# dir command in dos not working with wildcards to remote server



## krazeecrw (Oct 25, 2002)

Hello-

We have been trying to run a command on one server to a remote server to search for a file. The command we run is

Dir /b \\<server_name>\c$\archive\test\csv\MPRep_??????????????.csv

Aftter running this command we see the below results:

MPRep_20100611020000.csv
MPRep_20100611020000.ri.csv

This should only be returning the top item. If we run the same command on the local machine, just the first file shows properly.

Any explanation on the different results when running from a remote server?

Is there any type of program available that would all us to use the Linux command (ls) instead?


----------



## Squashman (Apr 4, 2003)

I know TheOutCaste and I were testing this out a few months ago and he found a nice article about wildcard usage in dos. 

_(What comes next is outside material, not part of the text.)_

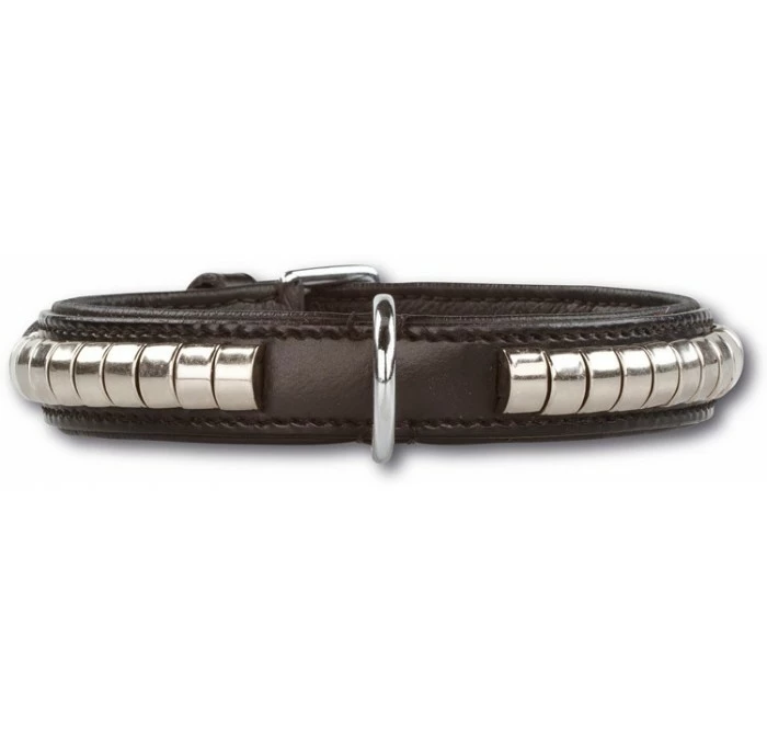 Wat een fantastische band is dit ! Deze band siert werkelijk iedere hond. De band is gemaakt van sterk zwart tuigleer, en gevoerd. De band is gesierd met een rij zilverkleurig beslag aan beide zijden van de ring. Dit model is een ware klassieker en blijft nog altijd fantastisch mooi !

There are plenty of native ports of the nix command line for Windows. Just Google search and you should be able to find them


----------



## DaveDoesIT (Aug 24, 2008)

Just a thought, have you tried using quotations around the filename?

Dir /b \\<server_name>\c$\archive\test\csv\"MPRep_??????????????.csv"

Dave


----------



## TheOutcaste (Aug 8, 2007)

If you have a ? wildcard before a period, and that wildcard is in the 8th or later position, it acts like the *
These three search patterns will return the same results:
*MPRep_??.csv
MPRep_??????????????.csv
MPRep_*.csv*

Specifying a specific number of characters using the ? only works if the file name is 7 characters or less, or you have a character before the period.
This is what you need if you only want to return the first result:
*MPRep_?????????????0.csv*

Of course the last character before the . must be a zero.


----------